**Exercise:** An exact copy of every entry is needed, without any of the pictures.

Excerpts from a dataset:
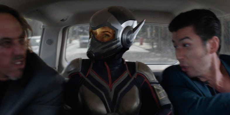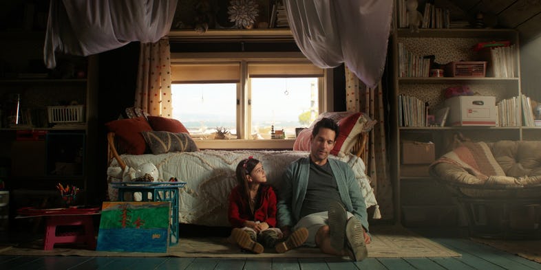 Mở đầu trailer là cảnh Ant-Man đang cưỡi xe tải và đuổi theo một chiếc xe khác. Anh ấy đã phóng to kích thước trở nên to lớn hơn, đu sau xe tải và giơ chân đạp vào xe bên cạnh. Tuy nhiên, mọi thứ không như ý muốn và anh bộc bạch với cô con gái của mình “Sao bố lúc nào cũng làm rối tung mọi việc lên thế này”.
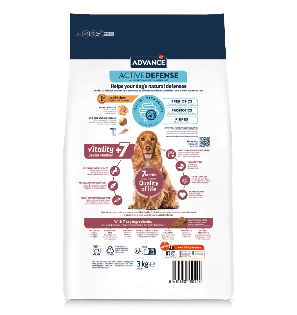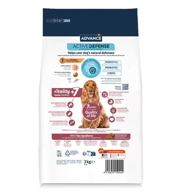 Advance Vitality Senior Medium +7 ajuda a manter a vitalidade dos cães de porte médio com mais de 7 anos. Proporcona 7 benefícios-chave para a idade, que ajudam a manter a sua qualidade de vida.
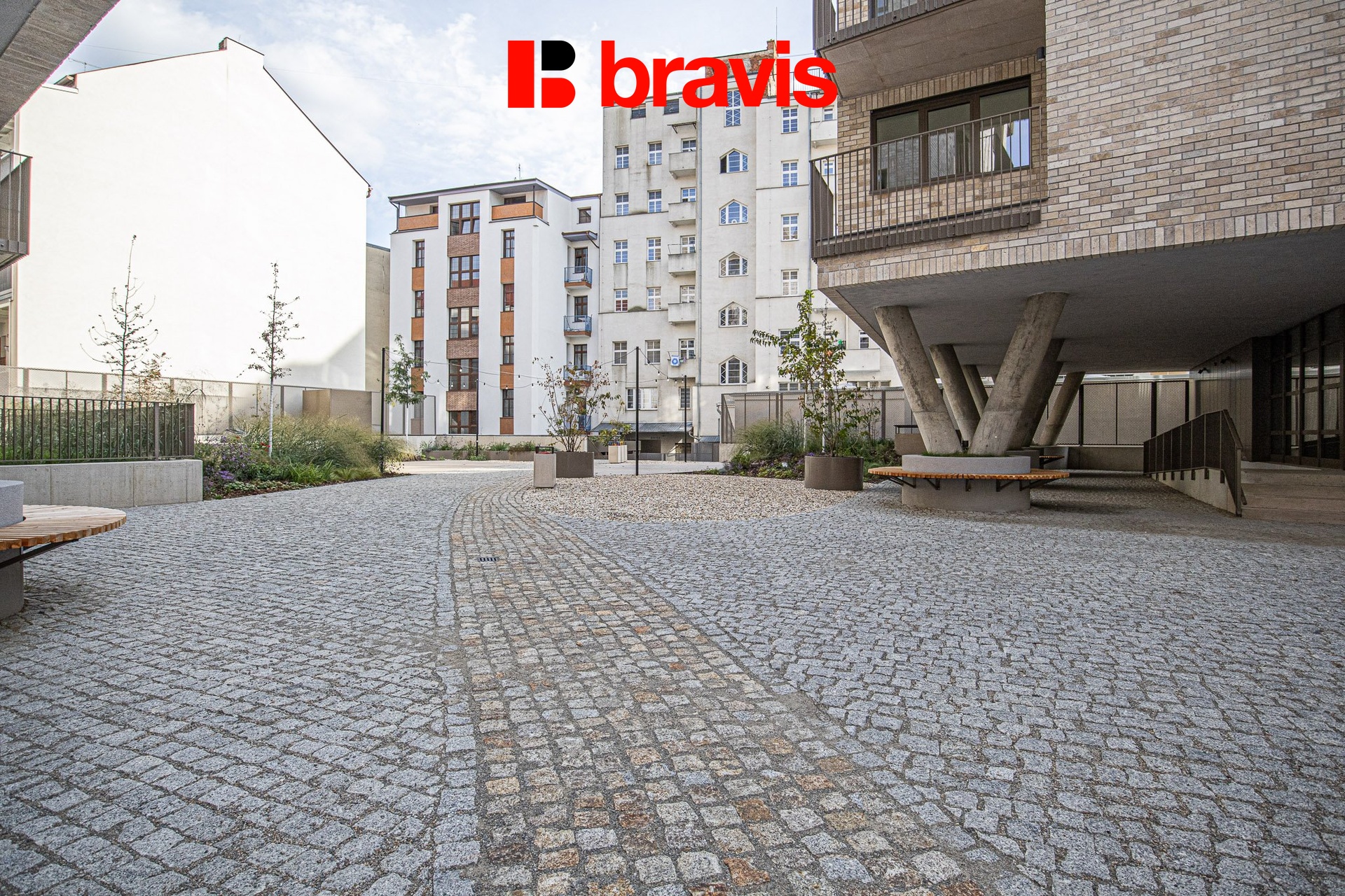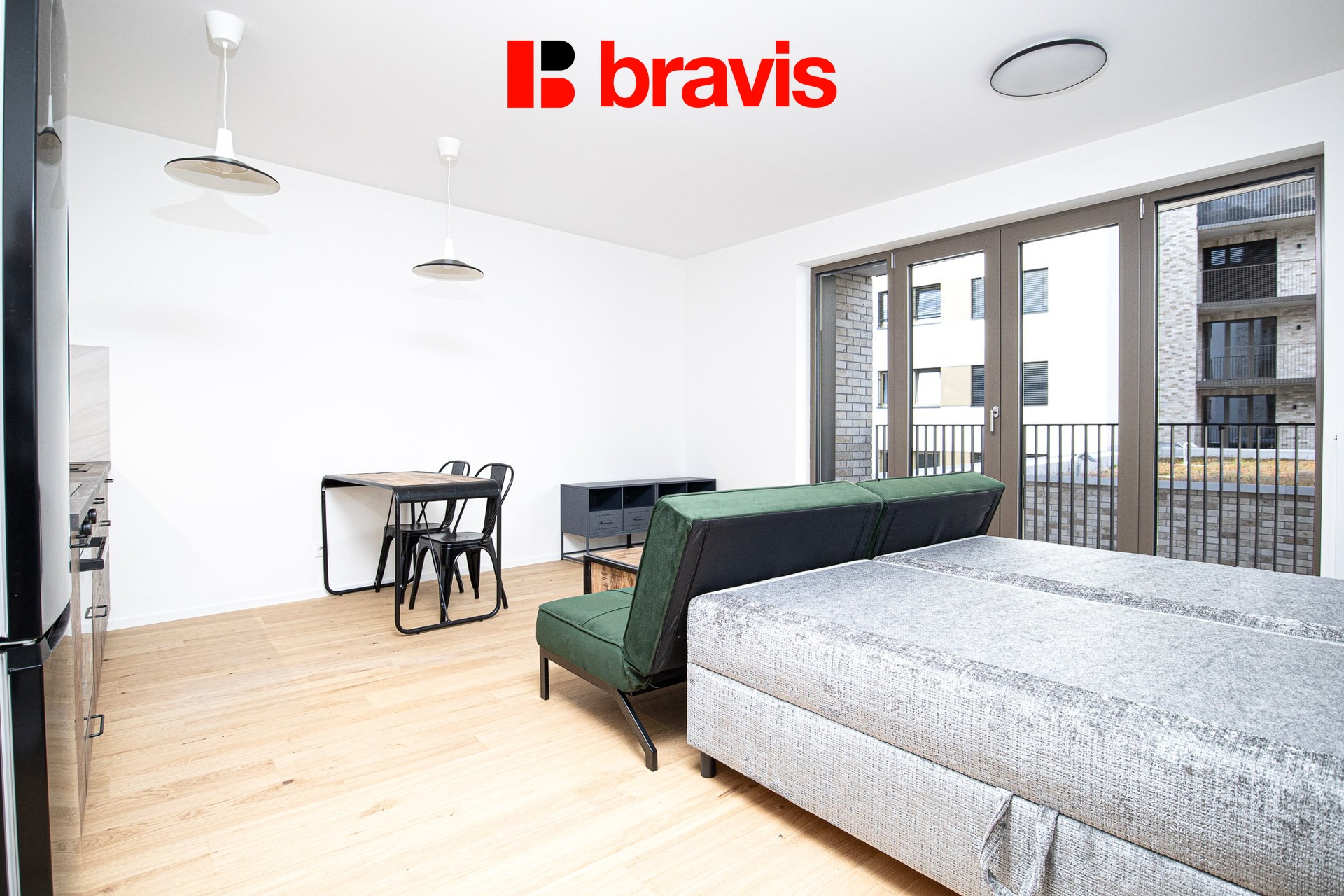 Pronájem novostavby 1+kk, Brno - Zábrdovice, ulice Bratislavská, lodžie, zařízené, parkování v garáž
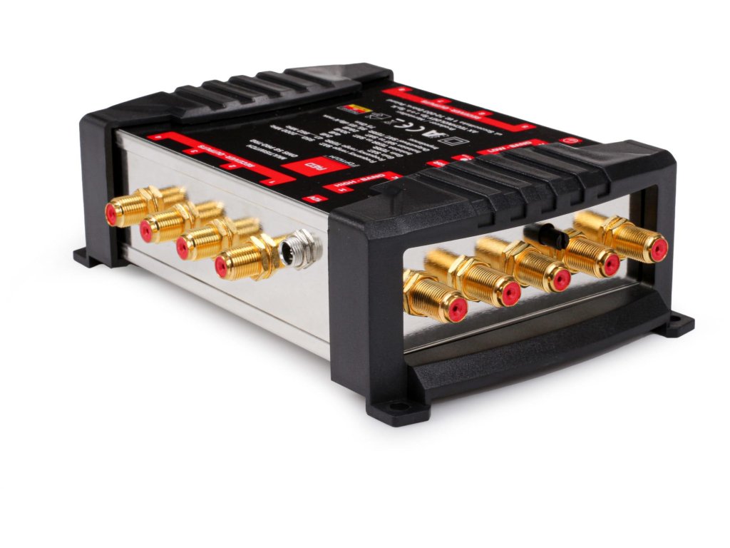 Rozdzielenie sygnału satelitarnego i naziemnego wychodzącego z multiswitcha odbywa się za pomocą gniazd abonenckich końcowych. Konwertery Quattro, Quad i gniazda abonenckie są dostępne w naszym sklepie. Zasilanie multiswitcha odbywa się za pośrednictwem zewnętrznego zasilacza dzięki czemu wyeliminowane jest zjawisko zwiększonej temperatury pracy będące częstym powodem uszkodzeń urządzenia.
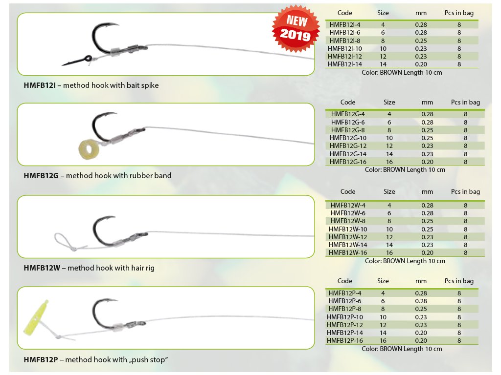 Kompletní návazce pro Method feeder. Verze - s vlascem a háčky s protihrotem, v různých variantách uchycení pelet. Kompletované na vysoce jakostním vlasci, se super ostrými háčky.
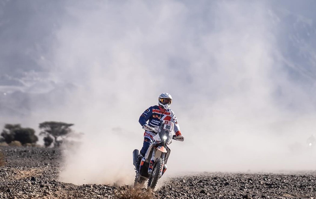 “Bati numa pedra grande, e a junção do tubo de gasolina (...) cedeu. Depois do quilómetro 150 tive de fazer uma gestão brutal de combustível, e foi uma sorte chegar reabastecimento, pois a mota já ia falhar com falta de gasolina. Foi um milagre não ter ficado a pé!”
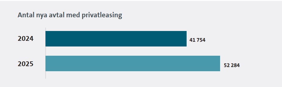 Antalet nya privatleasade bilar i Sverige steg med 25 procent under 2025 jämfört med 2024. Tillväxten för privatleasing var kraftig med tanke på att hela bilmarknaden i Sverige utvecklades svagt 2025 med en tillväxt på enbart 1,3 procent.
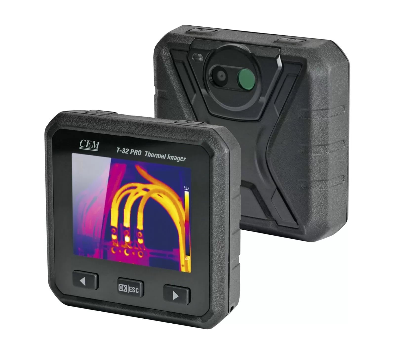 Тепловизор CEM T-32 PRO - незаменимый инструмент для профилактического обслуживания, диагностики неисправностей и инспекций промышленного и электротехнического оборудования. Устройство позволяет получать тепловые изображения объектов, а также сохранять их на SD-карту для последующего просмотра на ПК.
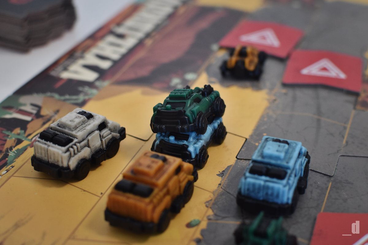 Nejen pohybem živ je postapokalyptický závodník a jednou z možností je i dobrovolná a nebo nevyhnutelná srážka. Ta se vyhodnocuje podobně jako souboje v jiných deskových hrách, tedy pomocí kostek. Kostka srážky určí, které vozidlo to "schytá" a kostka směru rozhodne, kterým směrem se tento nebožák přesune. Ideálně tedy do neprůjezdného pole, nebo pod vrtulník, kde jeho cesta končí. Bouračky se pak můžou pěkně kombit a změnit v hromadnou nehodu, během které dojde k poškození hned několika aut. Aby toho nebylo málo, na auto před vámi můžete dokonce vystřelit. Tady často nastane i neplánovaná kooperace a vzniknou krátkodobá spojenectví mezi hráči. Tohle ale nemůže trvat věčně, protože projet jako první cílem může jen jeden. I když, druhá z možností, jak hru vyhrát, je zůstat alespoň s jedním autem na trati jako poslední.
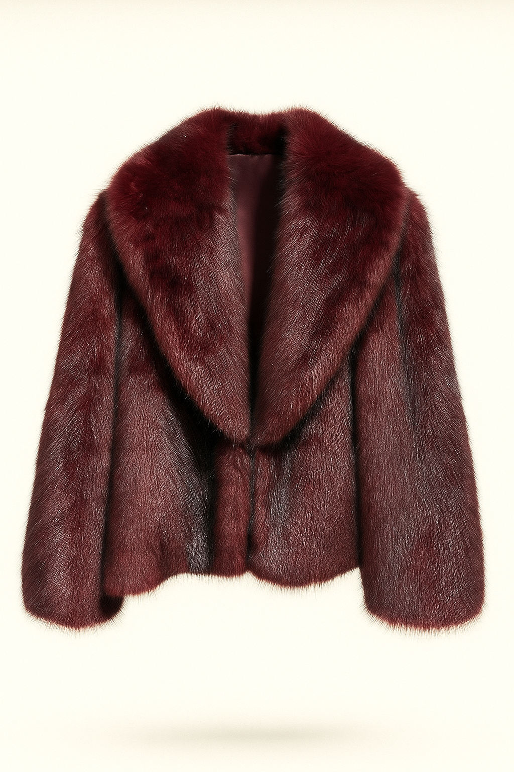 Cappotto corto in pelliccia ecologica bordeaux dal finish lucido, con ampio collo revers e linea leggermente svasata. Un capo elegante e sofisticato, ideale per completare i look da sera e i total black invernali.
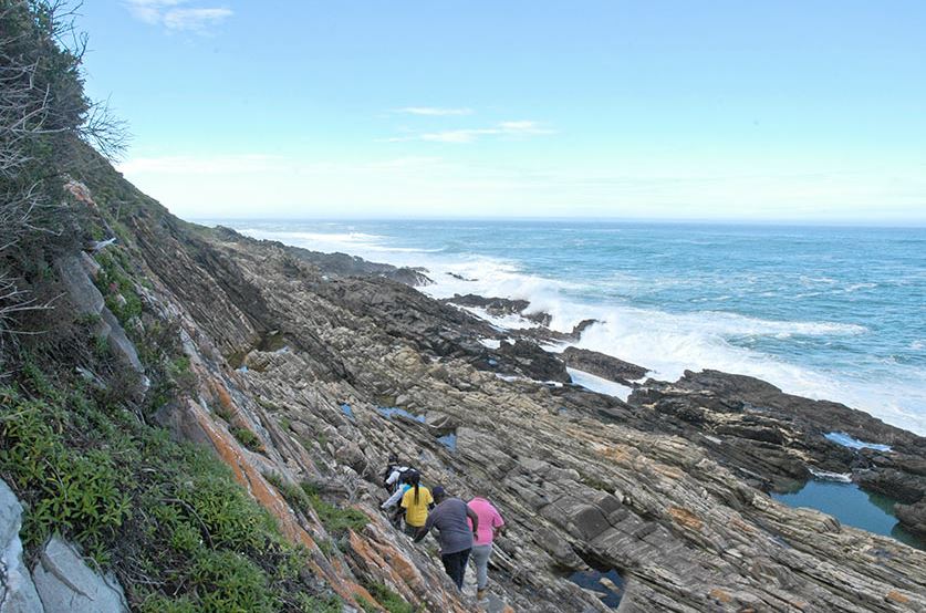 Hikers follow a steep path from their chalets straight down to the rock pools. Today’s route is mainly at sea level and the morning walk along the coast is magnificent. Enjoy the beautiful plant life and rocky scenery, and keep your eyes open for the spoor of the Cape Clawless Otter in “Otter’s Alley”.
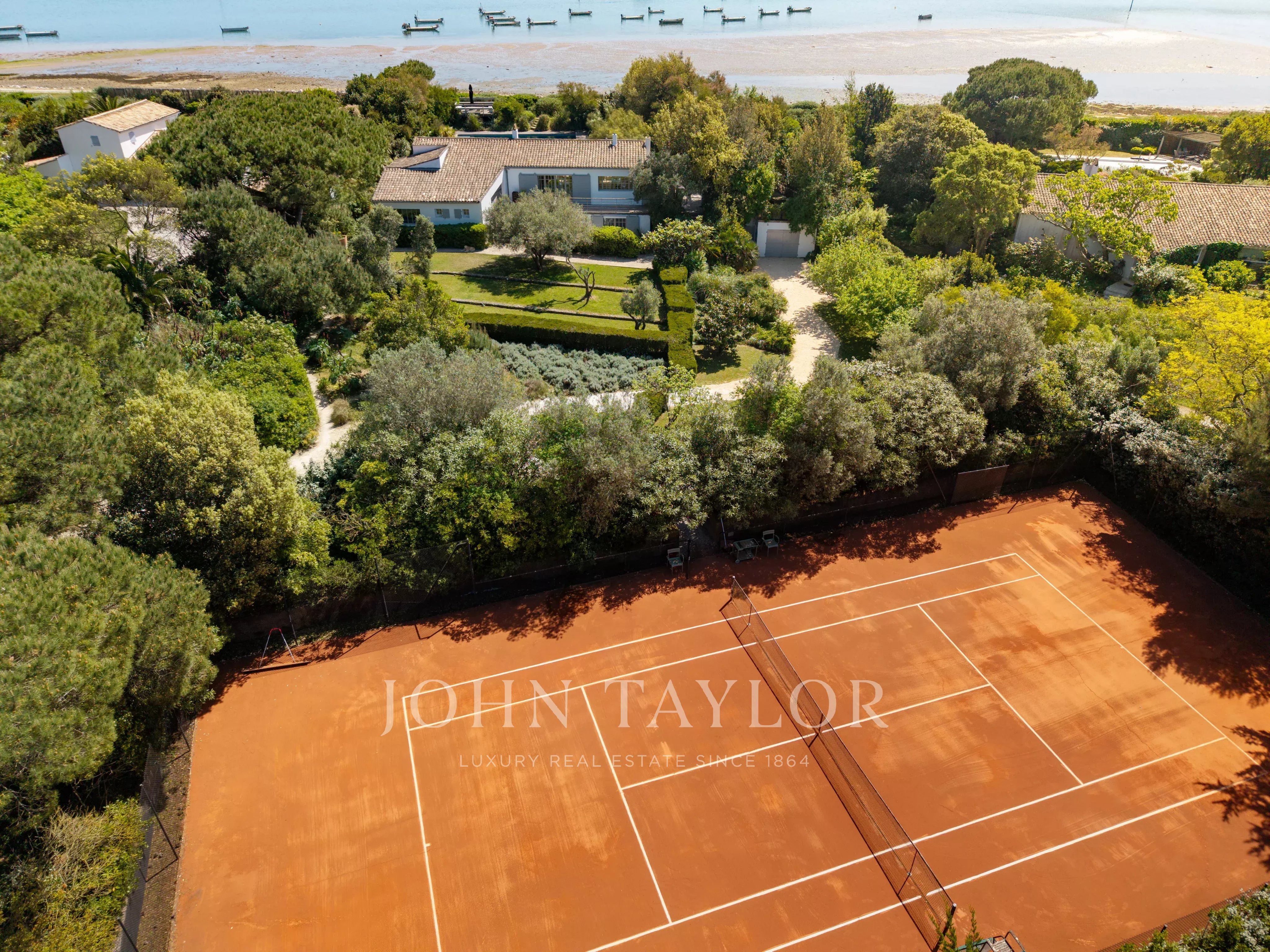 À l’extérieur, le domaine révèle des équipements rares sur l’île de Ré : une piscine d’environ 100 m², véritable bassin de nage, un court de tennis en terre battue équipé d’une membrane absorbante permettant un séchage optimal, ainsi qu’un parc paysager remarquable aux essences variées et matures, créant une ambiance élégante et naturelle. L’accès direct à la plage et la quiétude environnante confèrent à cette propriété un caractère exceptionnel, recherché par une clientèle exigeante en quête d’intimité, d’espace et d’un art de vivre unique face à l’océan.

**Answer box:**
 Mở đầu trailer là cảnh Ant-Man đang cưỡi xe tải và đuổi theo một chiếc xe khác. Anh ấy đã phóng to kích thước trở nên to lớn hơn, đu sau xe tải và giơ chân đạp vào xe bên cạnh. Tuy nhiên, mọi thứ không như ý muốn và anh bộc bạch với cô con gái của mình “Sao bố lúc nào cũng làm rối tung mọi việc lên thế này”.
 Advance Vitality Senior Medium +7 ajuda a manter a vitalidade dos cães de porte médio com mais de 7 anos. Proporcona 7 benefícios-chave para a idade, que ajudam a manter a sua qualidade de vida.
 Pronájem novostavby 1+kk, Brno - Zábrdovice, ulice Bratislavská, lodžie, zařízené, parkování v garáž
 Rozdzielenie sygnału satelitarnego i naziemnego wychodzącego z multiswitcha odbywa się za pomocą gniazd abonenckich końcowych. Konwertery Quattro, Quad i gniazda abonenckie są dostępne w naszym sklepie. Zasilanie multiswitcha odbywa się za pośrednictwem zewnętrznego zasilacza dzięki czemu wyeliminowane jest zjawisko zwiększonej temperatury pracy będące częstym powodem uszkodzeń urządzenia.
 Kompletní návazce pro Method feeder. Verze - s vlascem a háčky s protihrotem, v různých variantách uchycení pelet. Kompletované na vysoce jakostním vlasci, se super ostrými háčky.
 “Bati numa pedra grande, e a junção do tubo de gasolina (...) cedeu. Depois do quilómetro 150 tive de fazer uma gestão brutal de combustível, e foi uma sorte chegar reabastecimento, pois a mota já ia falhar com falta de gasolina. Foi um milagre não ter ficado a pé!”
 Antalet nya privatleasade bilar i Sverige steg med 25 procent under 2025 jämfört med 2024. Tillväxten för privatleasing var kraftig med tanke på att hela bilmarknaden i Sverige utvecklades svagt 2025 med en tillväxt på enbart 1,3 procent.
 Тепловизор CEM T-32 PRO - незаменимый инструмент для профилактического обслуживания, диагностики неисправностей и инспекций промышленного и электротехнического оборудования. Устройство позволяет получать тепловые изображения объектов, а также сохранять их на SD-карту для последующего просмотра на ПК.
 Nejen pohybem živ je postapokalyptický závodník a jednou z možností je i dobrovolná a nebo nevyhnutelná srážka. Ta se vyhodnocuje podobně jako souboje v jiných deskových hrách, tedy pomocí kostek. Kostka srážky určí, které vozidlo to "schytá" a kostka směru rozhodne, kterým směrem se tento nebožák přesune. Ideálně tedy do neprůjezdného pole, nebo pod vrtulník, kde jeho cesta končí. Bouračky se pak můžou pěkně kombit a změnit v hromadnou nehodu, během které dojde k poškození hned několika aut. Aby toho nebylo málo, na auto před vámi můžete dokonce vystřelit. Tady často nastane i neplánovaná kooperace a vzniknou krátkodobá spojenectví mezi hráči. Tohle ale nemůže trvat věčně, protože projet jako první cílem může jen jeden. I když, druhá z možností, jak hru vyhrát, je zůstat alespoň s jedním autem na trati jako poslední.
 Cappotto corto in pelliccia ecologica bordeaux dal finish lucido, con ampio collo revers e linea leggermente svasata. Un capo elegante e sofisticato, ideale per completare i look da sera e i total black invernali.
 Hikers follow a steep path from their chalets straight down to the rock pools. Today’s route is mainly at sea level and the morning walk along the coast is magnificent. Enjoy the beautiful plant life and rocky scenery, and keep your eyes open for the spoor of the Cape Clawless Otter in “Otter’s Alley”.
 À l’extérieur, le domaine révèle des équipements rares sur l’île de Ré : une piscine d’environ 100 m², véritable bassin de nage, un court de tennis en terre battue équipé d’une membrane absorbante permettant un séchage optimal, ainsi qu’un parc paysager remarquable aux essences variées et matures, créant une ambiance élégante et naturelle. L’accès direct à la plage et la quiétude environnante confèrent à cette propriété un caractère exceptionnel, recherché par une clientèle exigeante en quête d’intimité, d’espace et d’un art de vivre unique face à l’océan.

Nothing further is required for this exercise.